A trip to Greece and back will likely be a four-figure expense. A trip to ancient Greece will also require a time machine. And unless you hold pagan religious beliefs, even a time machine won’t provide you the experience of mythological Greek characters aided by the gods.

Transportation to the San Diego Museum of Art in Balboa Park along with admission to the “Heroes: Mortals and Myths in Ancient Greece” exhibit is a two-figure expense. It does not require a time machine and about the only adjustment you’ll have to make from your own religious beliefs is using “Before Common Era” rather than “Before Christ” and “Common Era” rather than “Anno Domini” - which is just as well even if you are a Christian, since temporarily taking on a pre-Christian Greek mindset will augment enjoyment of relics representing the Trojan War and Herakles’ twelve labors.

That’s another adjustment you might have to make. Hercules is the Roman version of the Greek hero Herakles. The other three heroes featured are Achilles, Helen, and Odysseus.

Each hero has his or her unique attributes among the four. Helen is the only woman as well as the only one who married royalty (her husband, Menalaus, was the brother of King Agamemnon). Herakles was the only one of the four not involved in the Trojan War. Achilles was the only one killed in battle and the only one who never married. Odysseus was the only one without divine ancestry and the only one for whom no childhood accounts exist.

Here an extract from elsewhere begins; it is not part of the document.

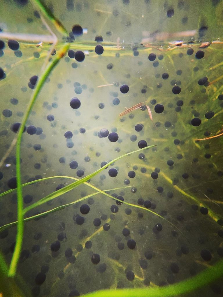 Frogspawn has arrived, like mysterious little dark aliens suspended in shimmering gelatinous pools, changing shape rapidly from dots to kidney beans. Mornings and evenings when the light is dull there is always the chance of seeing the periscope-eyes of those amphibians who lad them watching you cautiously from the water’s surface.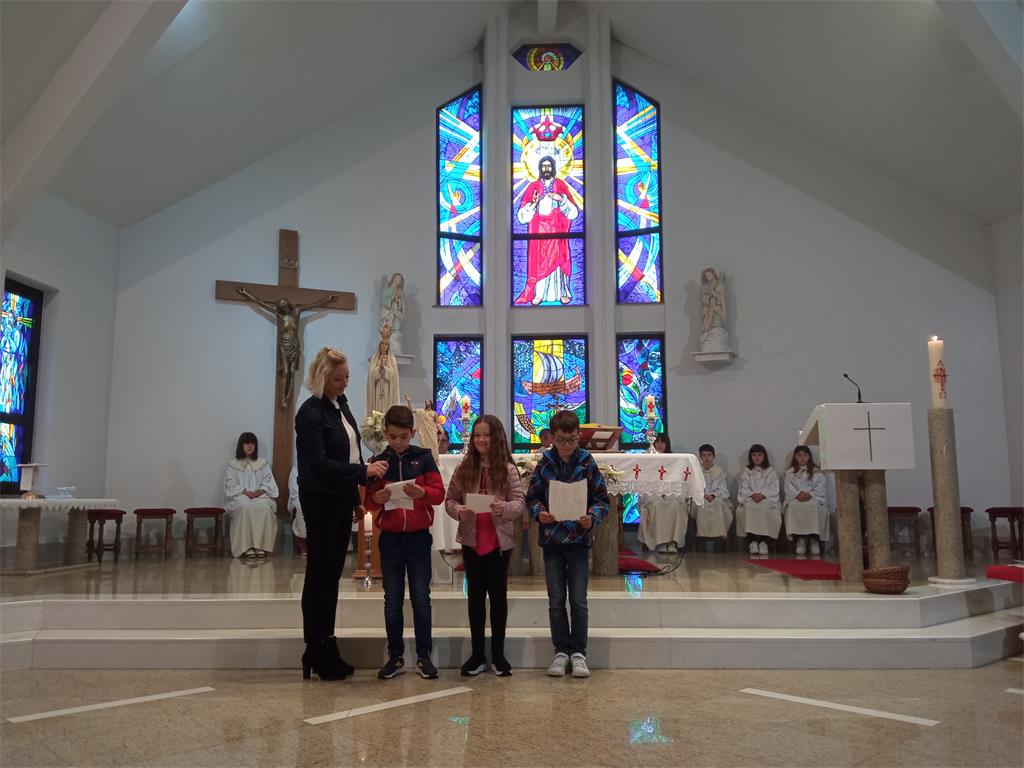 Upravitelj župe vlč. Ante Bojanić u prigodnoj je propovijedi objasnio kako prepoznati Duha Svetoga u svom životu i što činiti kako bi ga drugi mogli prepoznati u nama. Na kraju propovijedi vlč. Bojanić pitao je djecu kako tj. na koji način vole svoje majke. Djeca su uglas odgovarala: tako što ih slušamo, pomažemo im, razveselimo ih kada su tužne… U molitvi vjernika djeca su molila za svoje majke, a iznenađenje u ime sve djece pripremilo je troje ovogodišnjih prvopričesnika koji su pročitali sastavak o svojim majkama. Na kraju svete mise svako je dijete uzelo prigodan poklončić za svoju majku – magnetić s poticajnom rečenicom za majke. Proslava Majčinog dana i misno slavlje zaključeni su pjesmom „Evo nas pred tobom, Marijo“, za našu najveću, nebesku Majku.

The terracotta pottery, jewelry, bronze and marble statues, and reliefs date from the eighth century B.C.E. to the third century C.E. (Approximately 20 pieces from the Baltimore-based exhibit were too fragile to travel and were not included in the loan to the San Diego Museum of Art.) The exhibit consists of three sections: Heroes in Myths focuses on the lives of the four featured heroes, Heroes in Cult addresses the worship of the heroes after their deaths, and Heroes as Role Models notes how subsequent Greek culture adopted athletics, weddings, warfare, and other ways of life based on their heroes.

The various relief sculptings include document relief (public record), banquet relief, votive (offering) relief, and grave stele (marker) relief examples. The bronze includes an armor Corinthian helmet from between 700 and 500 B.C.E. and a protective leg plate.

While much of Greek mythology espoused Greek superiority, the Amazons were enemies of the Greeks but were actually worshipped in many parts of Greece. The drawings on the terracotta gave these women warriors Persian garments, creating the likelihood that they were Persian. The mythological history of the Amazons also demonstrates the Greek notion of a flawed hero. Herakles, driven to madness by a jealous Hera, killed his first wife, Megara, and their children, and was assigned the twelve labors as atonement. The ninth labor was to capture the belt of the Amazon queen Hippolyta. He charmed Hippolyta to the point where she willingly gave him her belt, but other Amazons feared a kidnap attempt and attacked Herakles, who in the process killed Hippolyta - at least giving her the honor of dying in battle.

Then again, the displays also include the human side of heroes in comical moments or in advanced age after their famous acts had been completed. And since Odysseus’ journey took ten years to complete, he encountered plenty of enemies along the way and the cyclops and siren are also represented in the artwork as are the Trojans he and others encountered during the previous ten years.

Alexander the Great was a mortal Greek, but he claimed to be descended from Zeus on one side of his family and Herakles on the other. A handful of Alexander the Great relics are in the Heroes as Role Models section along with wedding, military, and athletic artifacts.

Quite fittingly, the Heroes exhibit abuts Asian art rooms. Alexander the Great would have appreciated that.

“Heroes: Mortals and Myths in Ancient Greece” opened May 22 and is scheduled to run through September 5.